The three-year project focuses on studying the conditions provided by authorities, civil society and industrial companies for the well-being of young people in the Arctic region.
A group of anthropologists, geographers and legal experts from the Russian Federation and Finland have won a grant from the Russian Foundation for Basic Research (RFBR) to study young people from the Arctic industrial cities of the two countries. This was reported to TASS by one of the project participants, the head of the Northern Studies Department of the North-Eastern Federal University (NEFU), Mikhail Prisyazhny.

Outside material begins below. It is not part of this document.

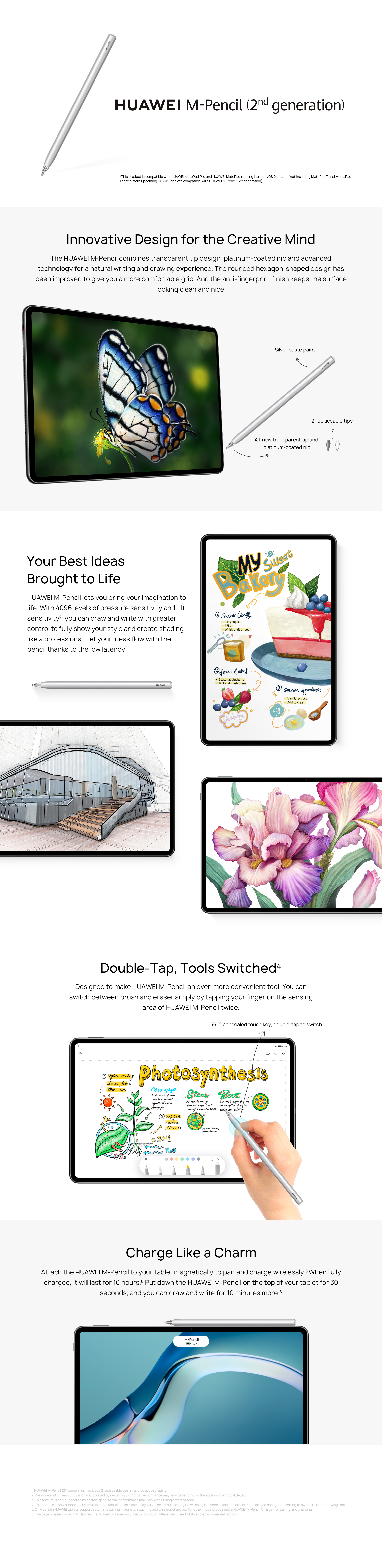 Integrated design Metallic silver 160 mm x φ8.9 mm (max), width: 8.7 mm (min) Note: The actual dimensions may vary depending on the configurations, manufacturing processes, and measurement methods. About 16 g (including the battery) Note: The actual weight may vary based on the configurations, manufacturing processes, and measurement methods l Touch button (can be double-tapped in some apps to switch features) Bluetooth 5.1 Bluetooth range: 2402–2480 MHz, 13 dB Bluetooth pairing: Attached magnetically and paired automatically Pairing for the first time: Touch the pairing icon in the pairing pop-up window. Not supported Charged by a wireless charger Cannot charge other devices Capacity: 82 mAh, lithium polymer battery Charging time: Less than 1 hour Note: The above data comes from Huawei lab tests during which the tablet was charged by a standard charger with its screen turned off. The actual charging time may vary. Input: 5V-300 mA Note: A Huawei tablet or a C-CD52-Adapter is required. HPP protocol Acceleration sensor Voltameter Pressure sensor Operating temperature: 0°C to 35°C Storage temperature: –20°C to +45°C 5% to 95% Water resistance during daily use RoHS certification (China), SRRC certification, and BT certification CE (pan-European), RoHS (pan-European), REACH (pan-European), WEEE (pan-European), KC (South Korea), Telec (Japan), IC (Canada) l Not supported l Not supported l Not supported l Not supported Wagner table and MatePad Pro. (supports magnetic charging) MatePad 10.8". (Does not support magnetic charging, use a C-CD52-Adapter instead.) |

"We learned about the results of the competition among fundamental research projects of 2018 at the end of last year. The project, designed for three years, is aimed at studying the well-being of young people and the viability of Arctic industrial cities in Russia and Finland. The future and sustainability of these cities will depend on how the younger generation sees the prospects of their personal development. The project is aimed at understanding the “strategy to overcome" the problems of youth and more positive perspectives: the pursuit of happiness and opportunities, as today's young people want to get out of the constant survival regime”, - Mikhail Prisyazhny said.
The project aims to promote a broader theory of viable Arctic communities that integrate approaches from different disciplines of anthropology, legal research, geography and economics. "We will study how authorities, civil society and industrial companies create conditions for the well-being of young people and how they are perceived by young people themselves," - the source added.
According to Mikhail Prisyazhny, only recently the research community has paid some attention to the Arctic as a city space. Even less attention was paid before to the Arctic as a space in which young people make decisions - to live in these industrial cities that were created in the 20th century for mining or leave them behind.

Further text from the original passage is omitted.